**PROBLEM STATEMENT:** From the entries below, write out exactly the lines between the line holding "Left connector station" and the line holding "Women's Retro Bird", inclusive, excluding any pictures.

**AVAILABLE DATA:**
Content starts
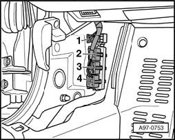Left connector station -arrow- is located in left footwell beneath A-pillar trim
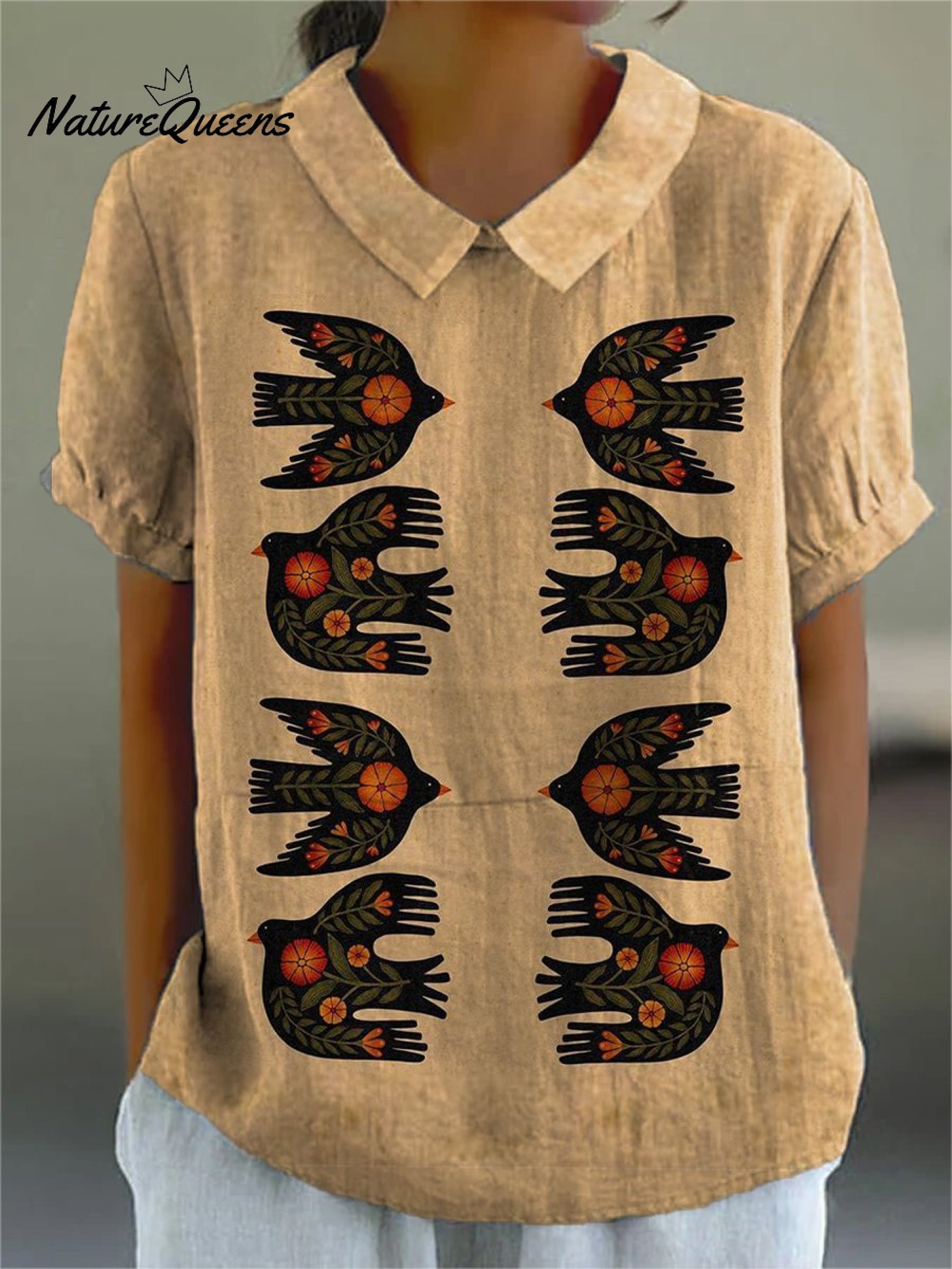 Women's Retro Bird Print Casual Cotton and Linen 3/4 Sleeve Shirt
Content ends
Content starts
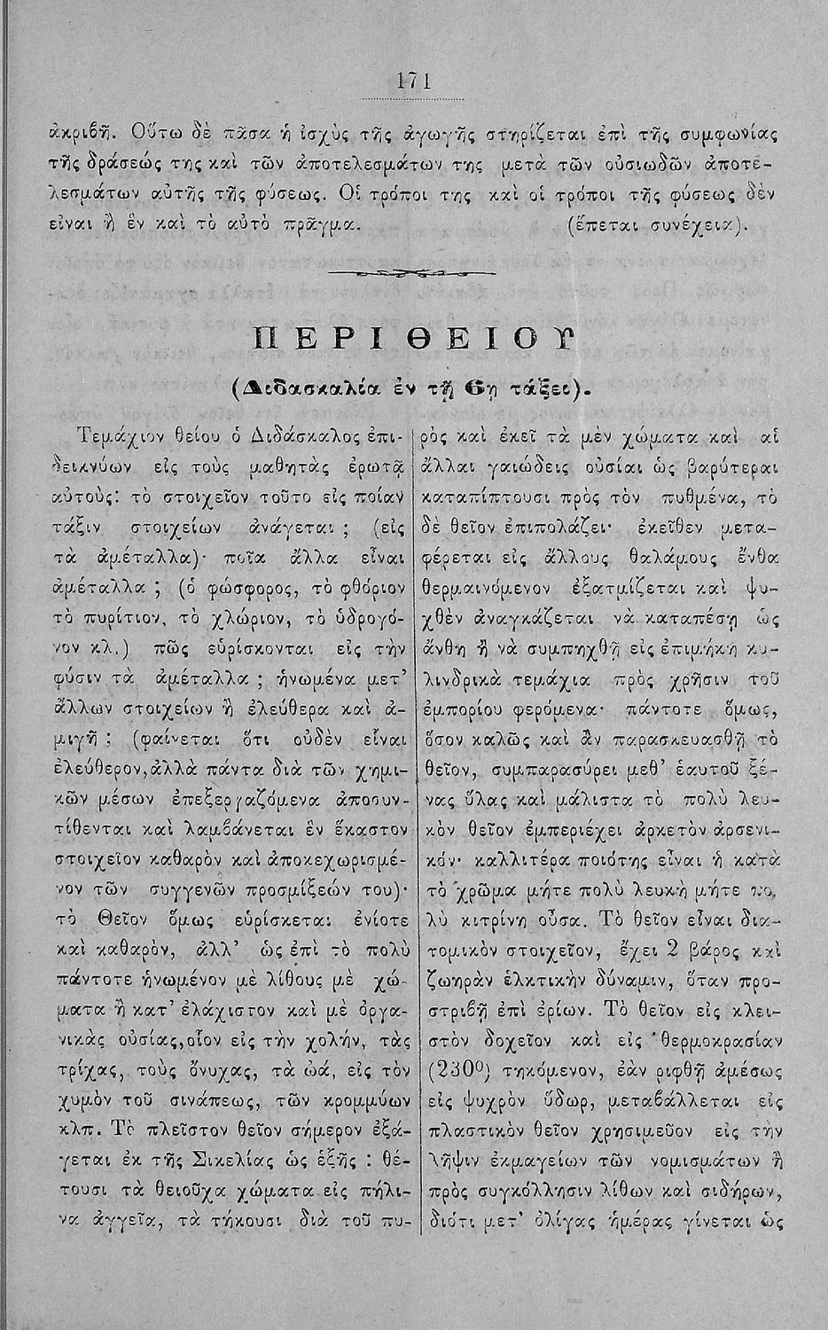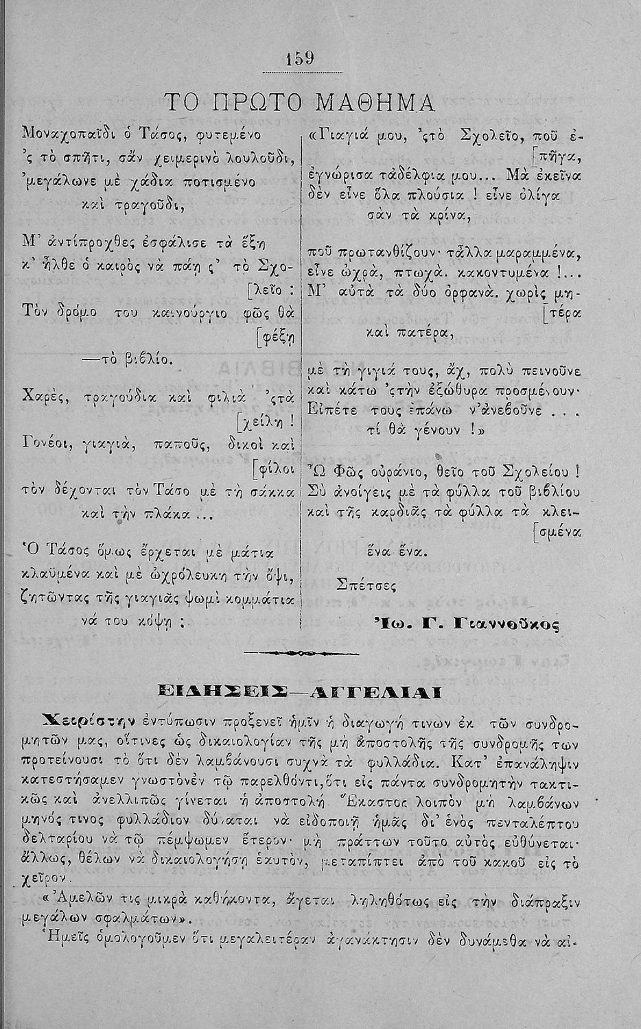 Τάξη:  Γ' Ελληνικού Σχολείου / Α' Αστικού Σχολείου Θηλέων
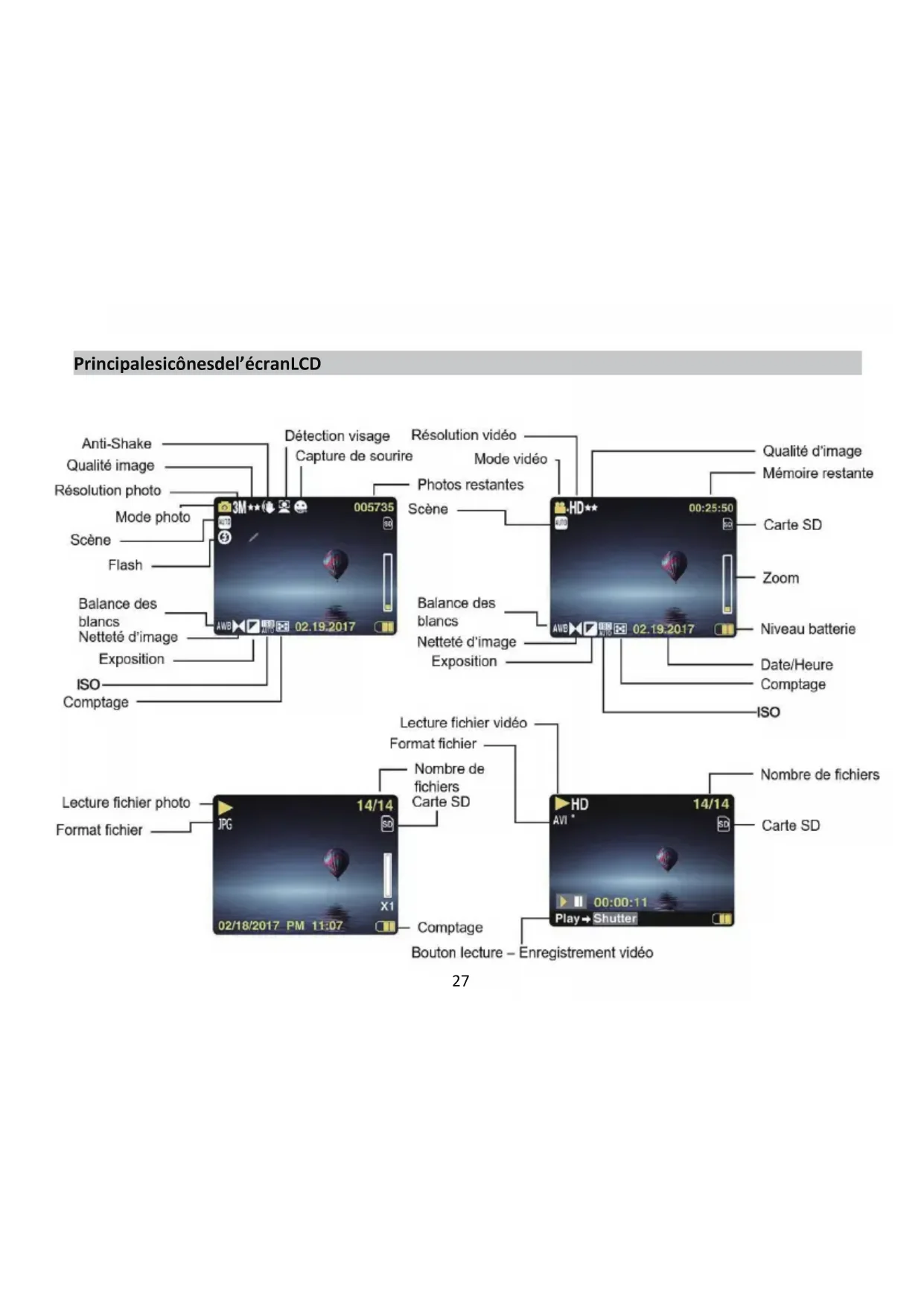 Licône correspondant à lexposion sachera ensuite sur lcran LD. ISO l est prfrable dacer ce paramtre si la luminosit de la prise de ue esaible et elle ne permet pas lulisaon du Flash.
Content ends
**ANSWER TO THIS TASK:**
Left connector station -arrow- is located in left footwell beneath A-pillar trim
 Women's Retro Bird Print Casual Cotton and Linen 3/4 Sleeve Shirt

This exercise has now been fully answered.